If helpful I could probably translate this argument into something closer to your ontology, but I’m being lazy for now because your ontology is a little foreign to me. Let me know if this makes sense.
A more systematic case for inner misalignment
I think this whole debate is missing the point I was trying to make. My claim was that it’s often useful to classify actions which tend to lead you to having a lot of power as “structural power-seeking” regardless of what your motivations for those actions are. Because it’s very hard to credibly signal that you’re accumulating power for the right reasons, and so the defense mechanisms will apply to you either way.

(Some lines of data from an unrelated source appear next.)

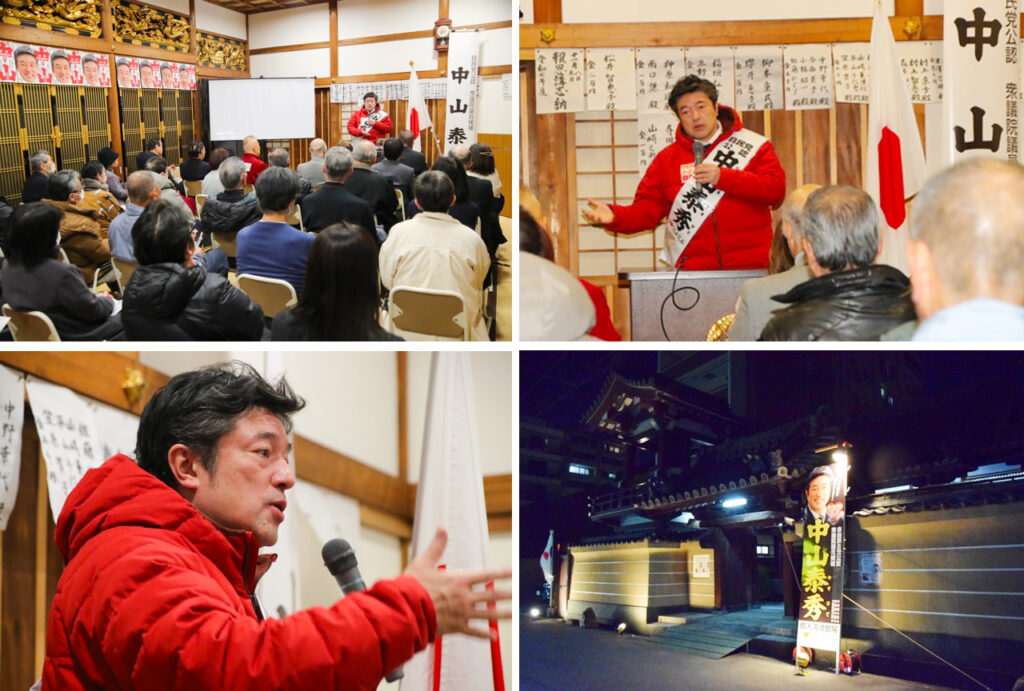 角善寺での個人演説会では、皆様日本の未来について真剣な面持ちでお聞きくださいました。
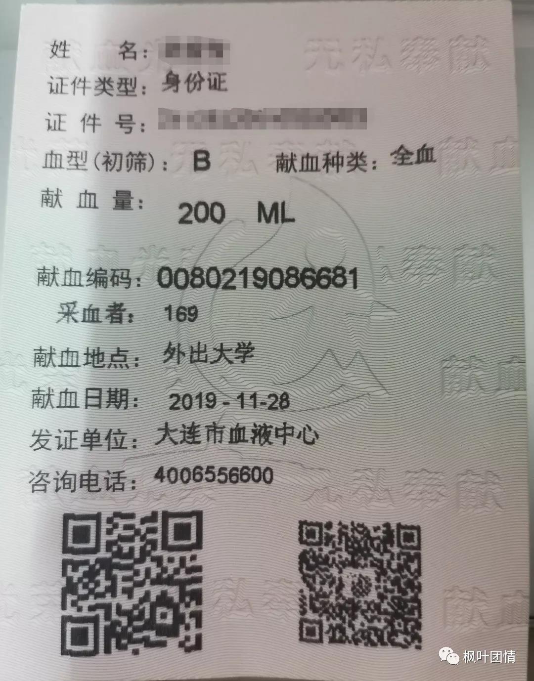 学院和大连血液中心举办此次无偿献血活动,让我们也献出了一份爱心,做出了一份贡献。这成为了我们大学生活中一件最有意义的一件事情。枫叶因我们而充满温暖!
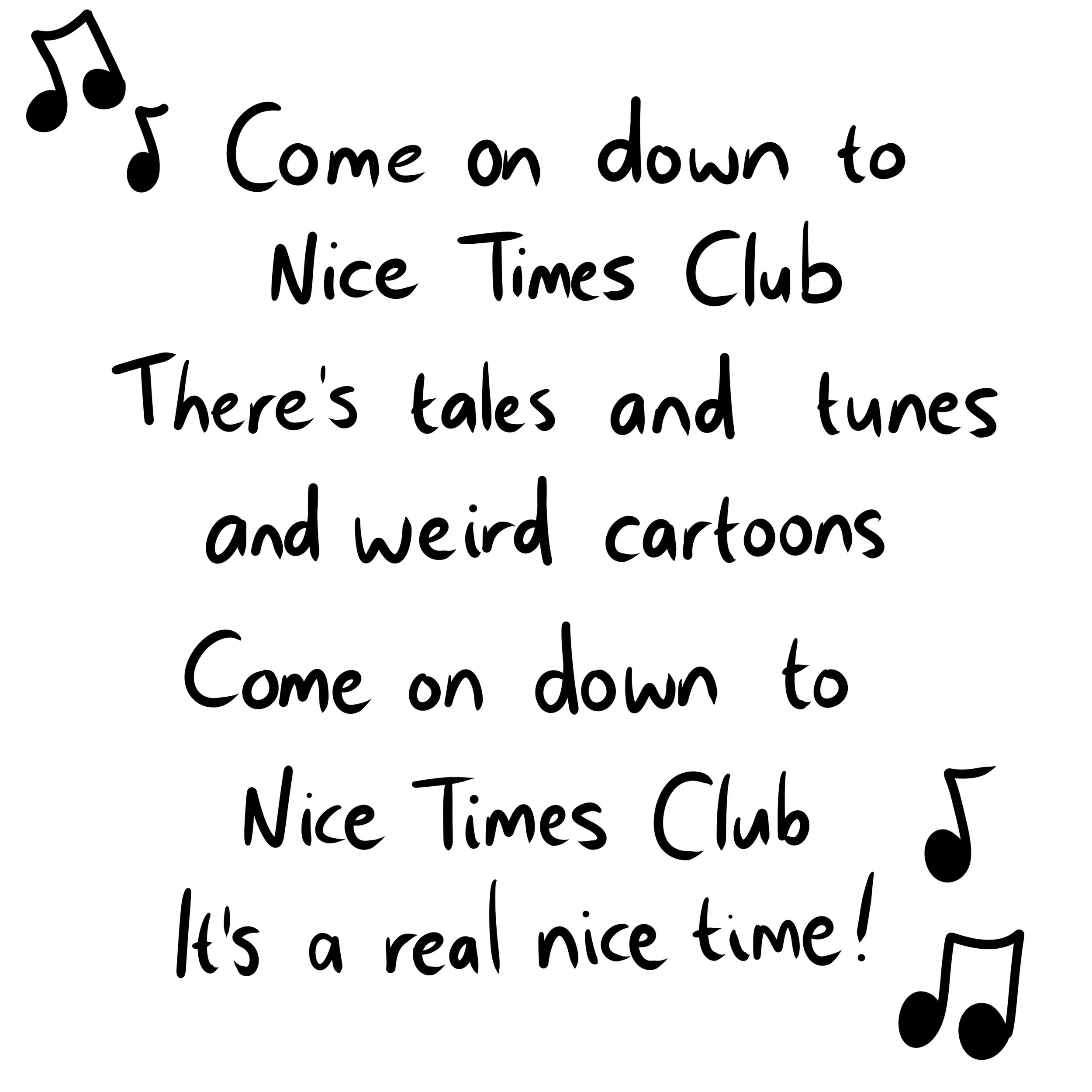 Here are the lyrics to the Nice Times Club theme song. You can put them to whatever melody you like:

In this case MIRI was trying to accumulate a lot of power, and claiming that they were aiming to use it in the “right way” (do a pivotal act) rather than the “wrong way” (replacing governments). But my point above is that this sort of claim is largely irrelevant to defense mechanisms against power-seeking.
(Now, in this case, MIRI was pursuing a type of power that was too weird to trigger many defense mechanisms, though it did trigger some “this is a cult” defense mechanisms. But the point cross-applies to other types of power that they, and others in AI safety, are pursuing.)
Would you say that “Alice going to a networking event” (assume she’s doing it socially conventional/appropriate ways) would count as structural power-seeking? And would you discourage her from going?
I think you’re doing a paradox of the heap here. One grain of sand is obviously not a heap, but a million obviously is. Similarly, Alice going to one networking event is obviously not power-seeking, but Alice taking every opportunity she can to pitch herself to the most powerful people she can find obviously is. I’m identifying a pattern of behavior that AI safety exhibits significantly more than other communities, and the fair analogy is to a pattern of behavior that Alice exhibits significantly more than other people around her.
I’m also a bit worried about a motte-and-bailey here. The bold statement is “power-seeking (which I’m kind of defining as anything that increases your influence, regardless of how innocuous or socially accepted it seems) is bad because it triggers defense mechanisms”
I flagged several times in the post that I was not claiming that power-seeking is bad overall, just that it typically has this one bad effect.
the more moderated statement is “there are some specific ways of seeking power that have important social costs, and I think that some/many actors in the community underestimate those costs
I repudiated this position in my previous comment, where I flagged that I’m trying to make a claim not about specific ways of seeking power, but rather about the outcome of gaining power in general.
e/acc has coalesced in defense of open-source, partly in response to AI safety attacks on open-source. This may well lead directly to a strongly anti-AI-regulation Trump White House, since there are significant links between e/acc and MAGA.
I think of this as a massive own goal for AI safety, caused by focusing too much on trying to get short-term “wins” (e.g. dunking on open-source people) that don’t actually matter in the long term.
Relevant: my post on value systematization
Though I have a sneaking suspicion that this comment was originally made on a draft of that?